А устьем вверх по Камчатке реке с неделю ходу есть гора, подобно хлебному скирду, велика гораздо и высока, а другая близ ея подобно сенному стогу высока же, и с той другой горы днем идет дым, а ночью искры и зарево. Из под тех гор вышли реки ключевые, и вода зелена и светла. А вышеописанные иноземцы державства великого над собою не имеют и ясаку не платят, а живут по своей воле, и только кто из них богаче, того и почитают, меж собою род на род войною ходят, и драка бывает часто. Летом те все иноземцы мужескаго пола ходят наги, а к бою плохи и торопливы; жен имеют по одной, и по две, и по три, как по силе своей и по богатству, и не разбирая родства, яко беззаконники. Скота у них нет, только одни собаки. Соболей и лисиц промышляют кулемами у реки, где рыбы бывает много, и на деревьях стреляют из луков деревянных, а огненнаго оружия у них нет, и гораздо боятся русских, называя их огнеядцами, и бьются с русскими до тех мер, как увидят мертваго, испугаются и без бою потеряются. Зимою на бой ходят камчадалы на лыжах, а коряки оленны на нартах; один правит, а другой стреляет; летом же на бой выбегают пеши и наги. Татары к ним доставляют ножи, топоры, ножницы, огнивы, иглы, уды, наперстки, бисер, всякой шелк, а от них берут соболей, лисиц, бобров, белку, горностаев и иную рухлядь недорогою ценою.

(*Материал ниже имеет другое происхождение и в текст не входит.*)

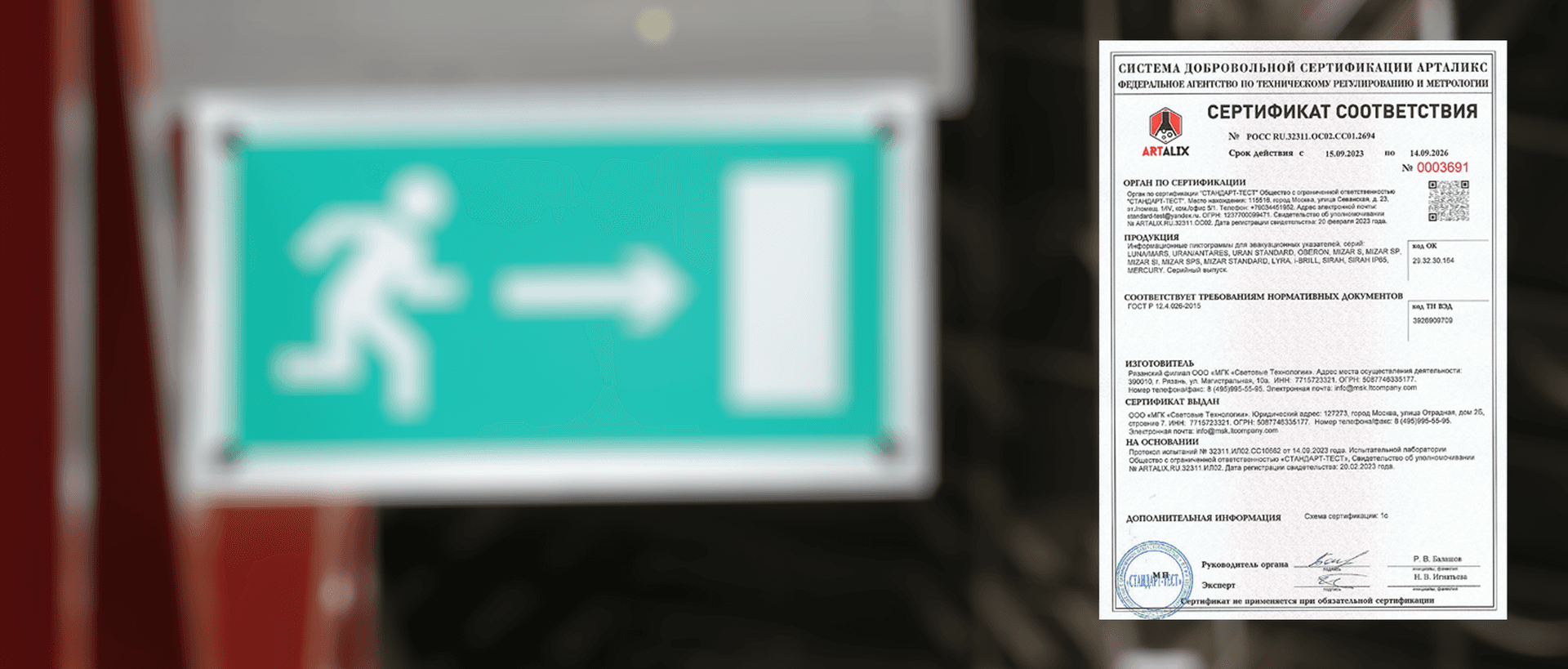 Навигация, обеспечиваемая световыми указателями - это часть системы оповещения и управления эвакуацией людей в чрезвычайных обстоятельствах. Эвакуационные пиктограммы для аварийных светильников должны соответствовать требованиям ГОСТ 12.4.026-2015. Подтверждающий добровольный сертификат соответствия был получен компанией Световые Технологии в сентябре 2023 г.

По Камчатке реке к морю посылал он Володимир казака для проведования иноземцев, и тот казак по Камчатке до моря был и сказывал, что он видел иноземцев от Еловки речки до моря 160 острогов, а в остроге в одной зимней юрте, и в иных острогах и в двух юртах живет людей человек по двести и больше, а летние юрты около острогов на столбах, у всякого человека своя юрта. До прибытия русских острогов у них не бывало, и знатно, что при русских людях построили острогов больше. И от тех острогов бьются, бросают каменья пращами из рук, а большим каменьем мечут из рук с острожку и обвостренным кольем и палками бьются. И к тем острогам приступают русские из-за щитов и острожки те зажигают и станут против ворот, где им бежать, и в тех воротах многих побивают. А к земляным острожкам приступают русские, разрывают землю, а их иноземцев на острожек наверх взойти из пещали не допускают.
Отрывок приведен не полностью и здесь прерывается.